Su cuerpo lo reconocía, aunque su mente se resistiera.
—Debería irme. —Las palabras salieron sin convicción.
—Deberías. —Él no se movió—. Pero no lo harás todavía.
La lluvia había aminorado hasta convertirse en una llovizna fina, pero el aire seguía espeso, eléctrico. Michaela podía sentir su pulso en la garganta, en las muñecas, en lugares que no debería estar sintiendo.
¿Cuándo había sido la última vez que un hombre la había afectado así?
Sabía la respuesta. Seis años atrás. Nicolás.
El nombre atravesó su mente como un relámpago, y de repente todo en este desconocido le recordó a él. La forma de sus hombros. La intensidad de su mirada. La manera en que ocupaba el espacio como si el mundo le perteneciera.
Pero Nicolás se había ido. Se había esfumado después de aquella noche terrible, después del malentendido que nunca pudo explicar, después de que él la mirara con una mezcla de traición y desprecio que todavía la perseguía en sueños.
Este hombre no podía ser él. Nicolás había sido más joven, menos refinado, sin ese barniz de poder absoluto que este desconocido llevaba como una segunda piel.
Y sin embargo...
—¡Mic! —La voz de Ericka cortó el momento como un cuchillo—. ¿Qué haces ahí parada?
El desconocido dio un paso atrás, pero sus ojos nunca dejaron los de ella.
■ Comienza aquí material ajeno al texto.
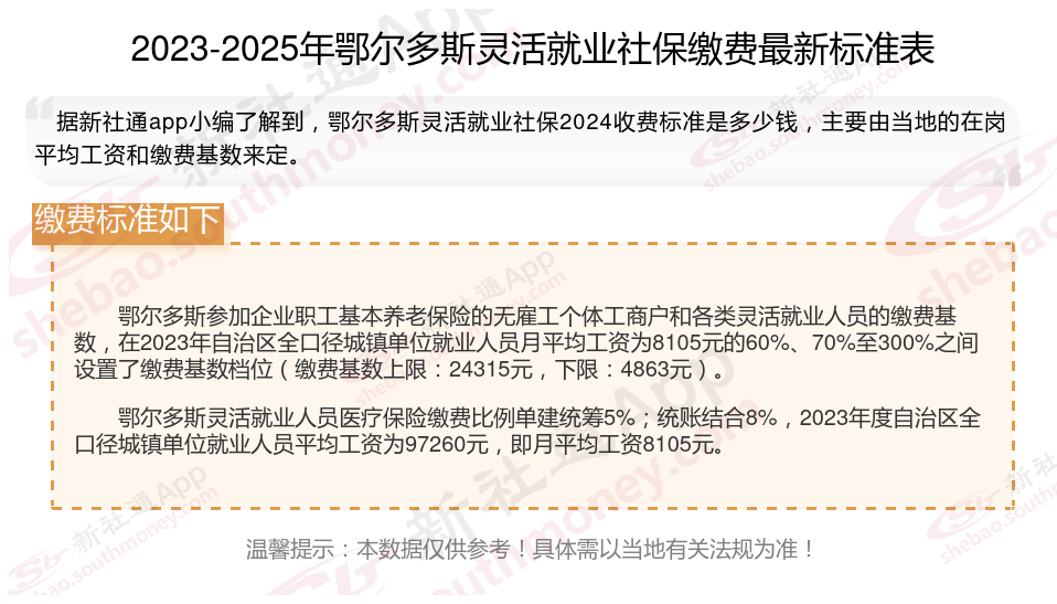 据新社通app数据显示,鄂尔多斯灵活就业人员养老缴费基数2024-2025年最新标准如下: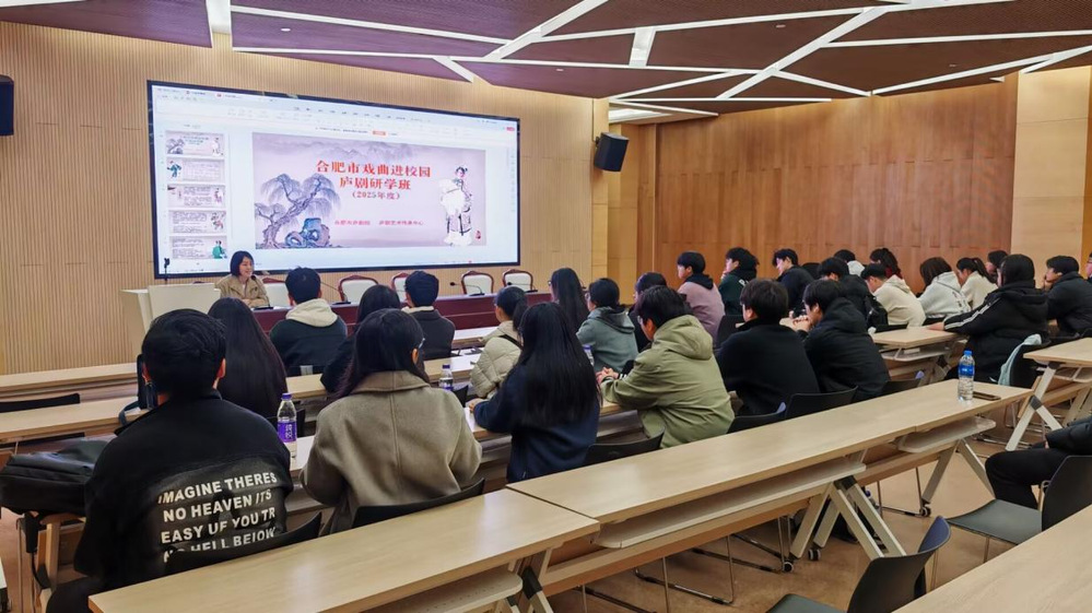 當(dāng)代碼邏輯遇上戲曲韻律,當(dāng)通信波頻邂逅非遺文脈,會碰撞出怎樣的文化火花?12月7日,合肥大學(xué)2025級通信工程專業(yè)30名同學(xué)走進(jìn)合肥市廬劇院,通過“觀、學(xué)、演、悟”四位一體的沉浸式研學(xué)模式,開啟了一場跨越古今的廬劇文化研學(xué)之旅,為工科思維注入了溫潤的人文底色。 溯源:一堂立體的廬劇文化課 上午9時30分,研學(xué)活動在開班儀式與專題講座中拉開序幕。合肥市廬劇院院長、國家一級演員段婷婷老師結(jié)合圖文資料與經(jīng)典片段,系統(tǒng)梳理了廬劇的起源發(fā)展、流派特色、唱腔特點及經(jīng)典劇目,從歷史淵源到文化價值,從經(jīng)典傳承到未來創(chuàng)新,讓同學(xué)們對廬劇的認(rèn)知,從模糊的“地方戲曲”變得立體而鮮活,為后續(xù)的沉浸式體驗筑牢了理論根基。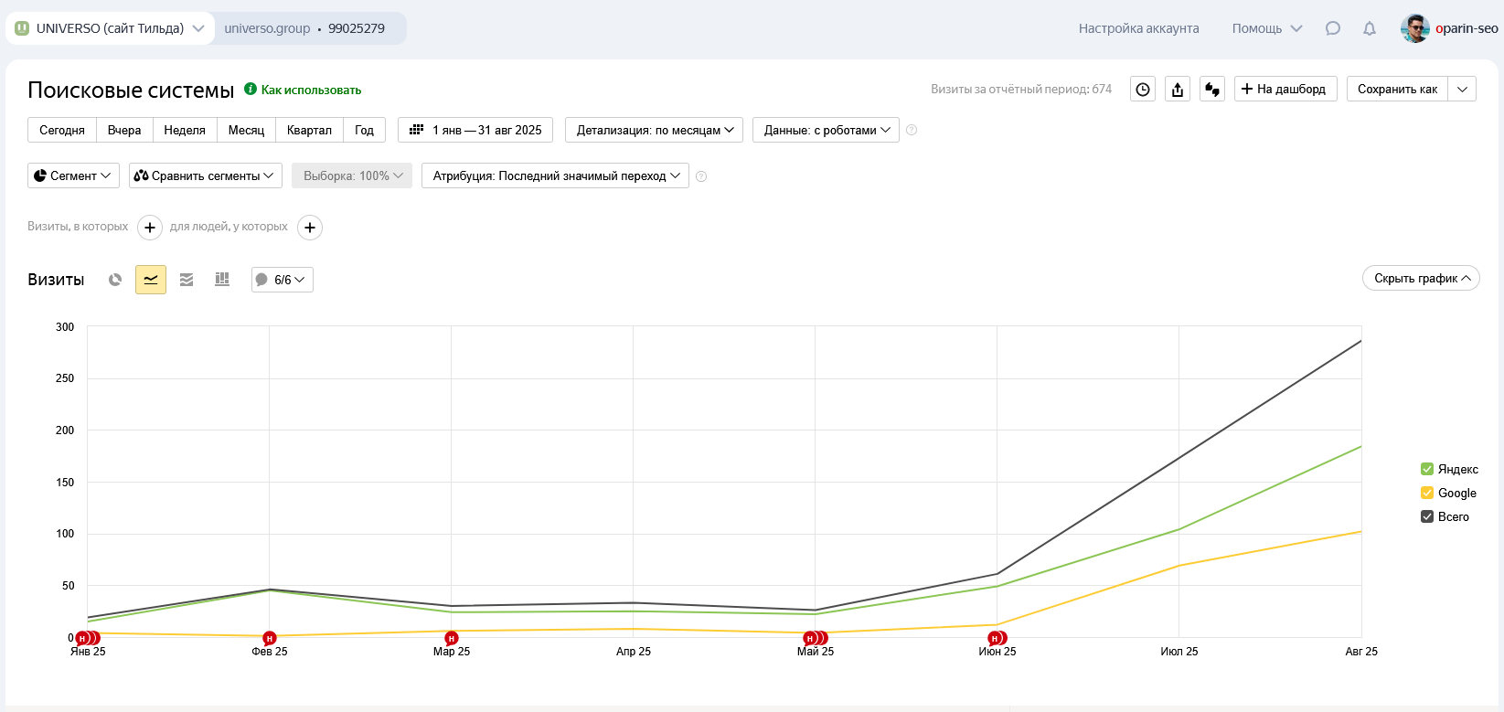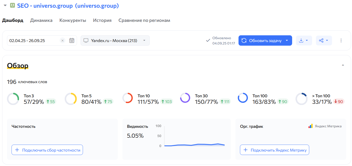 Когда сайт Universo.group пришел в работу в мае 2025 года, он представлял собой фактически лендинг с одной страницей. Это означало, что сайт был практически не подготовлен для полноценного SEO-продвижения. На сайте не было ни внутренних страниц с товарами, ни раздела для блога, ни даже страниц с базовой информацией, которая могла бы раскрыть поисковым системам ключевые аспекты деятельности компании.
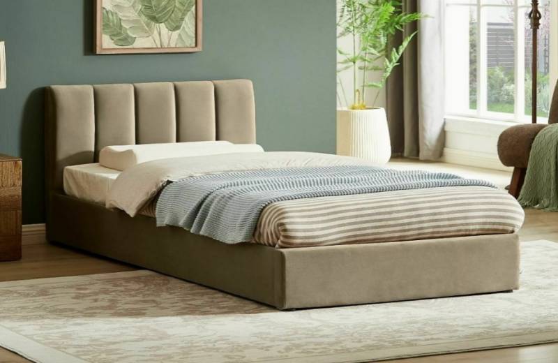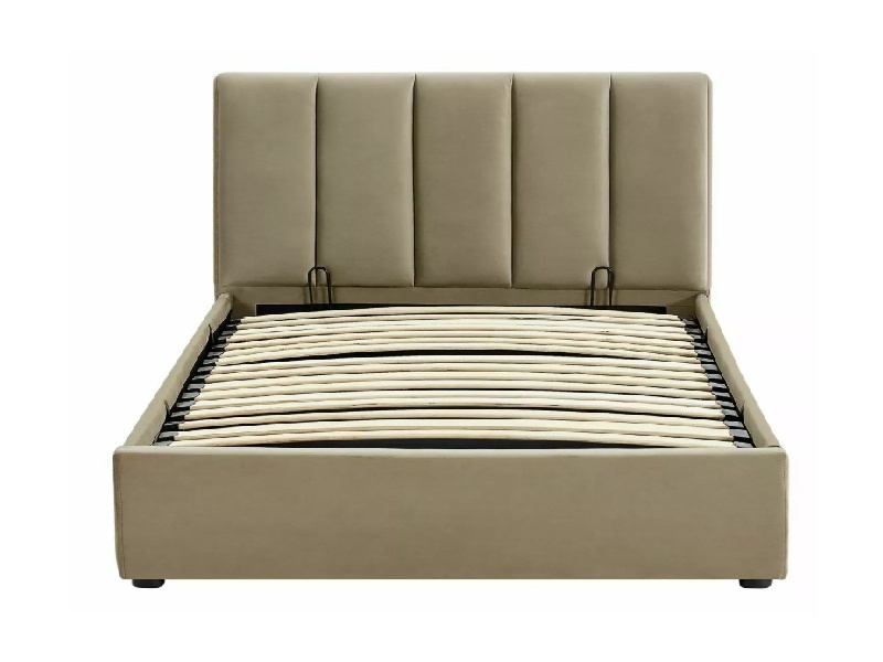 Pat tapitat cu somiera si spatiu pentru depozitare MONTREAL VELVET (120x200cm) catifea beige
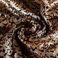 Пайетки с анималистическим узором в золотисто-черной гамме. Вышиты на черной эластичной сетке. Роскошно смотрится в блестящих нарядных комбинезонах, сверкающих платьях и искрящихся блузках, юбках, туниках, концертных костюмах, нарядах для танцев.  На ощупь полотно не тяжелое, достаточно пластичное и удобное в носке.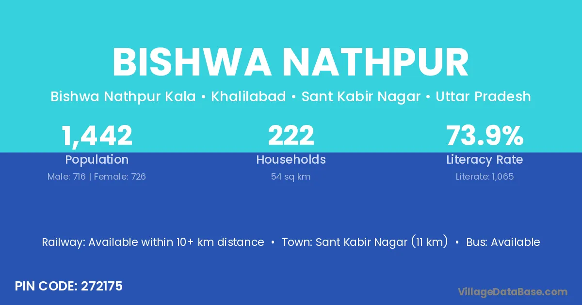 Sant Kabir Nagar (11 km) is the nearest town to Bishwa Nathpur village for major economic activities and is located approximately 11 km away.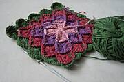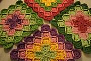 z tego co pamiętam, jak robiła takie cuda moja nieżyjąca teściowa, to każdy kwadracik robisz osobno na szydełku ,a potem łączysz zszywając, lub splatając szydełkiem kolor z kolorem i tak powstaje całość. Napisz do ABY ona jest mistrzynią takich "wyrobów", pewnie ci pomoże.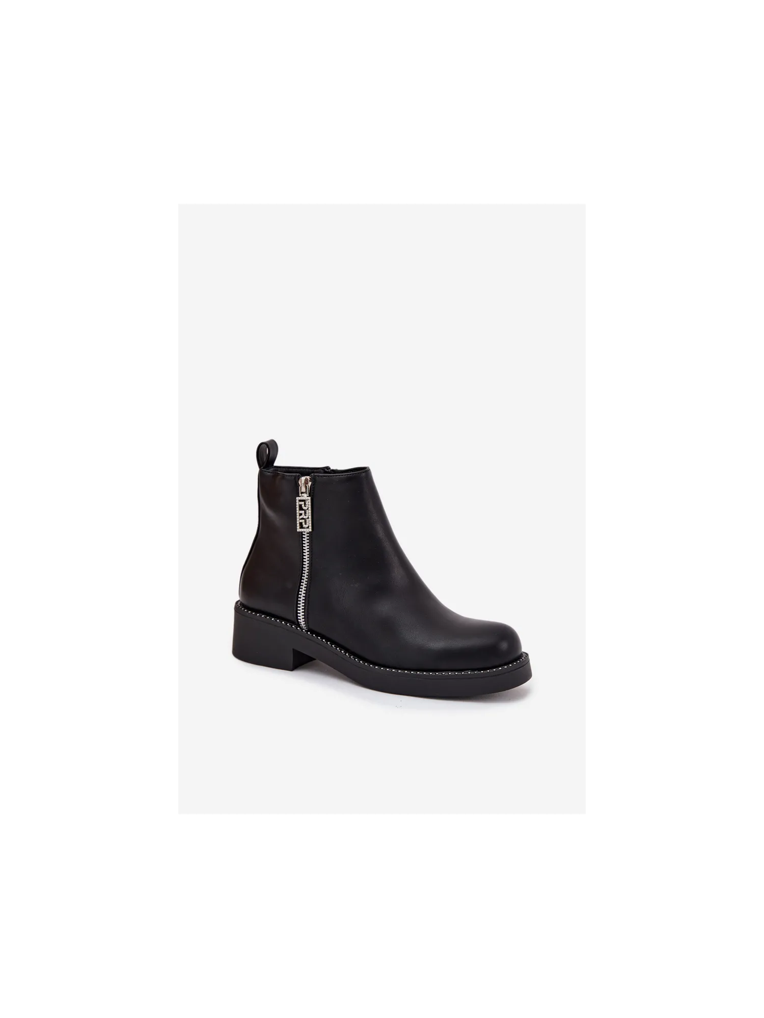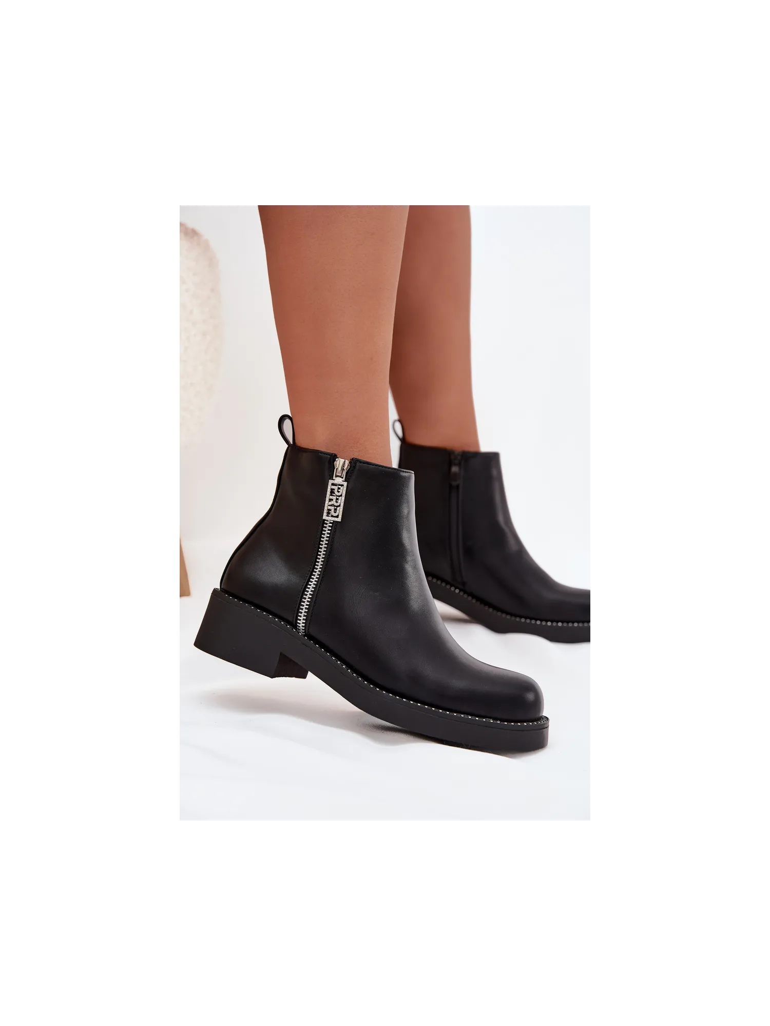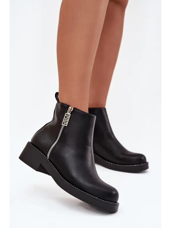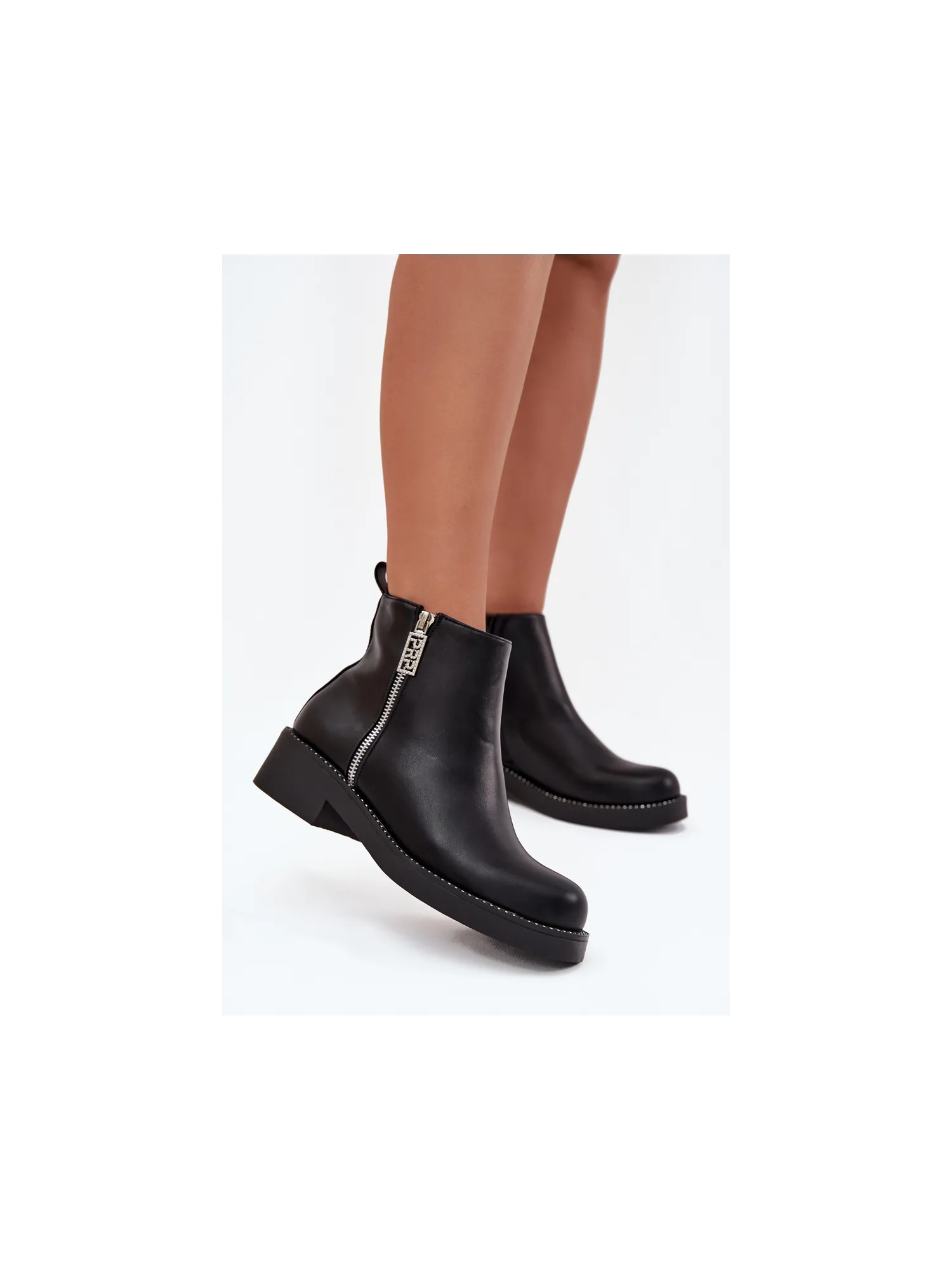 Women’s ankle boots made of eco-leather are an elegant and comfortable choice for cooler days. Fastened with a zipper. The insulated interior provides warmth, while the rounded toes and delicate heel add a feminine character, ensuring comfort and style for everyday wear. Decoration with zirconia at the sole. The silver zipper is decorative and does not unzip. Perfect for everyday styling. When choosing a size, please refer to the size chart. When choosing a size, please refer to the size chart.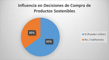 Influencia en Decisiones de Compra de Productos Sostenibles (Figura 2): Un 65% de los participantes manifestó que los influencers pueden influir directamente en sus decisiones de compra de productos sostenibles, destacando su potencial impacto en este segmento de mercado.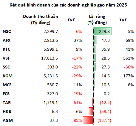 Sự điều chỉnh của thị trường quốc tế nhanh chóng lan sang bức tranh tài chính của nhóm doanh nghiệp niêm yết. Theo VietstockFinance, doanh thu của 11 doanh nghiệp gạo trên sàn năm 2025 đạt gần 37,081 tỷ đồng, giảm 17% so với năm 2024. Trái ngược với xu hướng này, lãi ròng toàn nhóm lại đảo chiều sang trạng thái dương, đạt gần 186 tỷ đồng, so với mức lỗ hơn 38 tỷ đồng của năm trước.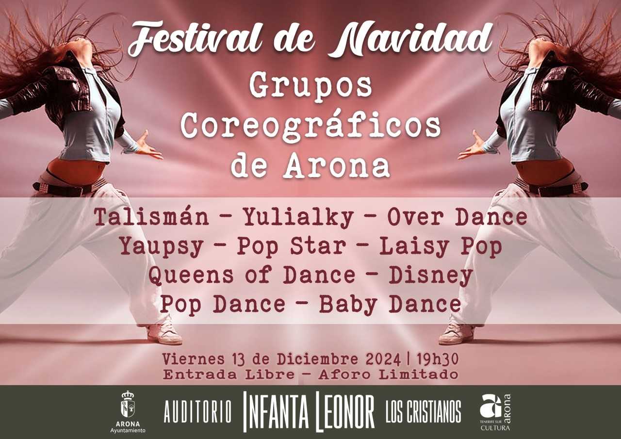 El viernes 13 tendrá lugar uno de los acontecimientos más esperados durante el mes de diciembre: El Festival de Navidad de los Grupos Coreográficos del Patronato de Cultura de Arona. El Auditorio Infanta Leonor de Los Cristianos acoge, a partir de las 19:30 horas con entrada libre hasta completar el aforo, un espectáculo en el que el protagonismo corre a cargo de los grupos Talismán, Yulialky, Over Dance, Yaupsy, Pop Star, Laisy Pop, Queens of Dance, Disney Pop Dance y Baby Dance.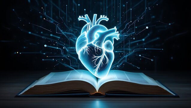 Digital heart over open book medical technology and research concept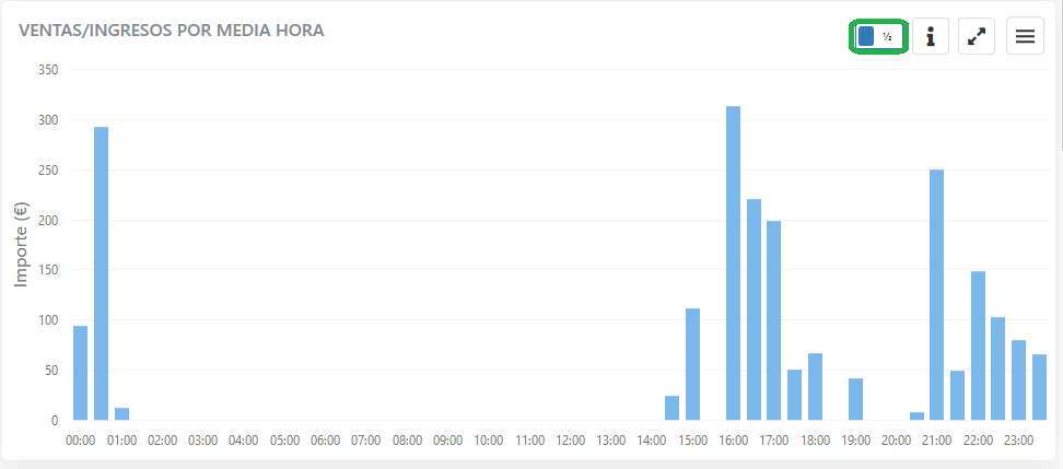Esta gráfica muestra los ingresos diarios derivados de las ventas, y lo hace agrupando por franjas de 1 hora o de 1/2 hora.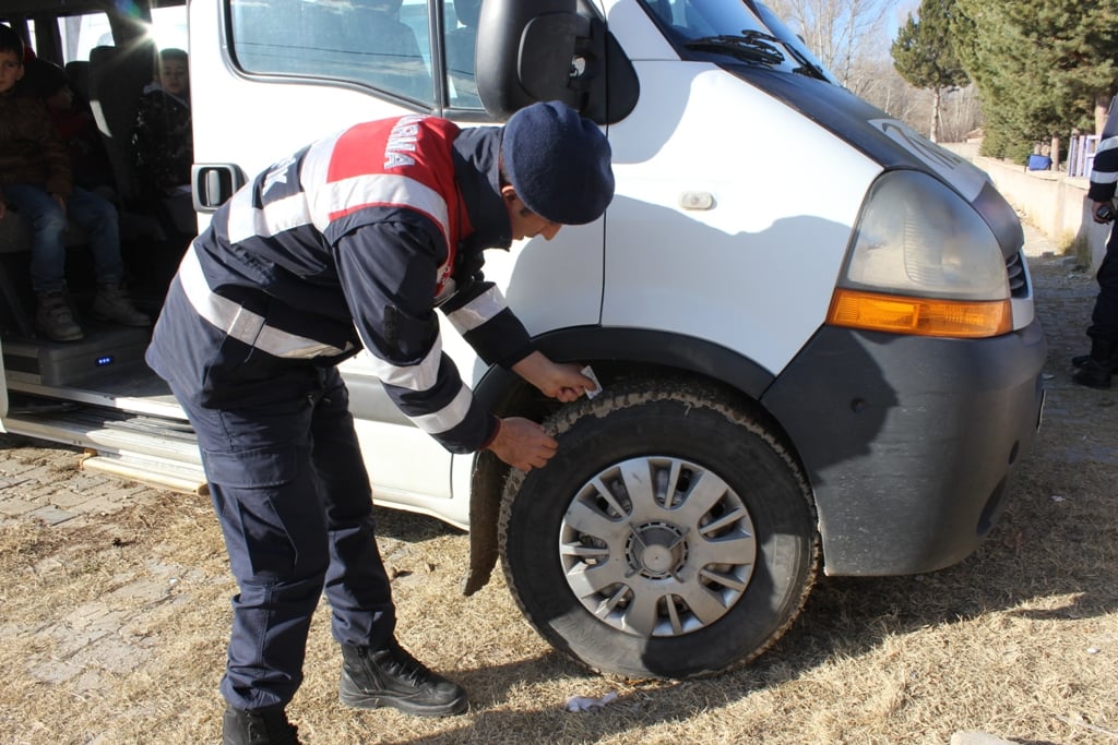 Sarıkaya İlçe Jandarma Komutanlığı trafik ekipleri, Karayakup Kınalı Hasan İmam Hatip Ortaokulu taşımalı eğitim gören ilk ve ortaokul öğrencilerini taşıyan öğrenci servislerine yönelik denetim yaptı.

Había algo en su mirada que la hizo temblar. Conocimiento. Posesión. Como si supiera exactamente quién era ella y disfrutara cada segundo de su confusión.
—Nos volveremos a encontrar, Mic. —Su voz fue una caricia oscura, una promesa envuelta en terciopelo negro.
Y entonces se dio vuelta y se alejó, su figura perdiéndose entre las sombras de la ciudad con una elegancia depredadora que hizo que algo en el pecho de Michaela se retorciera dolorosamente.
Había dicho su nombre.
Su apodo. El que solo usaban las personas cercanas a ella.
El que Nicolás solía susurrar contra su piel en la oscuridad.
—¿Quién demonios era ese? —Ericka apareció a su lado, las llaves del auto tintineando en su mano—. Parecías a punto de desmayarte. O de atacarlo. No estoy segura de cuál.
—No lo sé. —La respuesta fue honesta, pero incompleta.
Porque la verdad era más compleja. No sabía quién era ese hombre, pero su cuerpo sí. Su cuerpo recordaba cosas que su mente había enterrado hace seis años. Recordaba el tacto de esas manos, la presión de esos labios, el sonido de esa voz diciéndole que la amaba justo antes de que todo se derrumbara.
Durante el trayecto a casa, Ericka intentó sacarle información, pero Michaela apenas respondía. Su mente estaba demasiado ocupada tratando de desenredar la maraña de sensaciones y recuerdos que ese encuentro había desatado.
Una vez en su departamento, se sirvió una copa de vino tinto y se sentó junto a la ventana, observando las luces de la ciudad parpadear como estrellas caídas. La lluvia había parado completamente, pero las calles aún brillaban como espejos oscuros.
Tomó un sorbo largo, dejando que el vino quemara su garganta.
Mañana sería el día más importante de su carrera. Magno Marketing Group no era solo una agencia; era un imperio. Tres años había trabajado para conseguir esa entrevista. Tres años de sacrificios, de noches sin dormir, de relaciones destruidas porque su ambición era más grande que cualquier otra cosa.
Y ahora, a horas de ese momento crucial, no podía quitarse de la cabeza a un desconocido que la había atrapado bajo la lluvia.
Un desconocido que olía como Nicolás.
Que la miraba como Nicolás.
Que conocía su apodo.
Cerró los ojos y dejó que los recuerdos llegaran, los que había mantenido encerrados en un rincón oscuro de su mente durante seis años.
La universidad. Las noches de estudio que terminaban en su cama. La forma en que él la miraba como si fuera lo único que importaba en el mundo. Las promesas de futuro que habían hecho bajo las sábanas, con la piel pegajosa de sudor y los corazones latiendo al unísono.
Y luego, aquella noche.
La fiesta. Los tragos de más. El profesor que la había llevado a casa porque estaba demasiado borracha para conducir. La forma inocente en que le había agradecido con un abrazo en la puerta de su departamento.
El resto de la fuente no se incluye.